DrumTrack processes audio through a multi-stage pipeline that combines deep learning models with signal processing.

Screenshots

Scenario Screenshot
Upload a song or Youtube link image
Get song output image
Midi player image

Examples

Input Output (drums are midi)
Neat - I remember
neat-i-remember-midi-drums.mp4

Pipeline Overview

Audio Input (MP3 upload or YouTube URL)
    |
    v
1. Stem Separation (Demucs)
   Isolates drums from bass, vocals, and other instruments
    |
    v
2. Drum Instrument Separation (DrumSep MDX23C)
   Splits the drum stem into 5 individual instruments:
   kick, snare, toms, hi-hat, cymbals
    |
    v
3. Onset Detection (librosa)
   Finds the precise time and velocity of each drum hit
    |
    v
4. Quantization & MIDI Generation (pretty_midi)
   Snaps hits to a musical grid and writes a MIDI file
    |
    v
5. Interactive Review
   Listen back, relabel misclassified hits, re-export

References

https://github.com/adefossez/demucs https://docs.google.com/document/d/17fjNvJzj8ZGSer7c7OFe_CNfUKbAxEh_OBv94ZdRG5c/edit?tab=t.0 https://github.com/ZFTurbo/Music-Source-Separation-Training/tree/main

Stem Separation

The first step isolates the drum track from the rest of the mix using Demucs — Facebook Research's htdemucs model, a hybrid transformer/waveform U-Net that separates audio into four stems (drums, bass, vocals, other). Runs locally on CPU or GPU.

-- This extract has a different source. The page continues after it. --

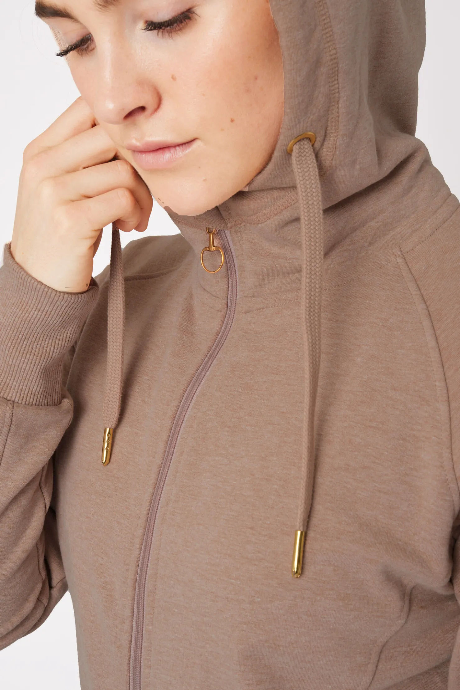 Laget av et mykt, elastisk stoff med børstet innside for ekstra varme og komfort. Dette er et perfekt tilskudd til høstgarderoben. Den praktiske toveis glidelåsen gjør denne jakken ekstra passende til ridning. Samtidig vil den passe utenfor stallen, takket være melange-stilen og jersey-stoffet i en viss kontrastfarge rundt kanten av hetten og på innsiden. Usynlige glidelåslommer holder eiendelene dine trygge.

The non-drum stems are mixed back together into a "backing track" that can be played alongside the MIDI output for reference.

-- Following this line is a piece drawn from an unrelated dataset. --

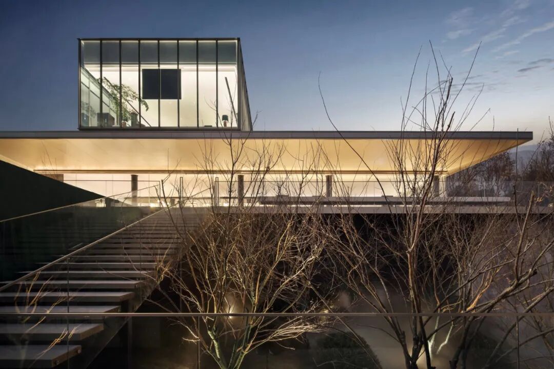 重庆绿城·晓风印月项目最大高差超过50米,售楼部示范区高差超过20米。与大地共生,架在自然之上的建筑,消失在大地中的玻璃盒子,舒适的台地空间,极致的开阔视野,人在其间有丰富的空间体验。是晓风的设计愿景。

Audio hashing (SHA-256) enables deduplication: if you process the same audio twice, stems from the first run are reused.

Drum Instrument Separation

The isolated drum stem is further separated into five individual instruments using DrumSep, an MDX23C model (TFC-TDF-net architecture). The model operates in the frequency domain:

  1. STFT converts the waveform to a spectrogram (16384-point FFT, 2048 hop)
  2. An encoder-decoder network with TFC-TDF blocks (temporal-frequency convolutions + time-domain filter bottlenecks) predicts five instrument masks
  3. Each mask is applied to the input spectrogram and inverse-STFT'd back to audio

The five output stems are: kick, snare, toms, hi-hat, and cymbals. Model weights (~200MB) are downloaded automatically on first run.

Onset Detection

Each drum stem is analyzed independently using librosa's onset detection, with per-instrument parameters tuned for different hit characteristics:

Stem Threshold (delta) Min Wait (frames)
Kick 0.08 3
Snare 0.06 2
Toms 0.07 3
Hi-hat 0.05 1
Cymbals 0.06 4

Velocity estimation measures RMS amplitude in a 50ms window around each onset, converts to dB, and maps to MIDI velocity (0-127) on a logarithmic scale. Quiet hits (~-60 dB) map to velocity 20; loud hits (~0 dB) map to 127.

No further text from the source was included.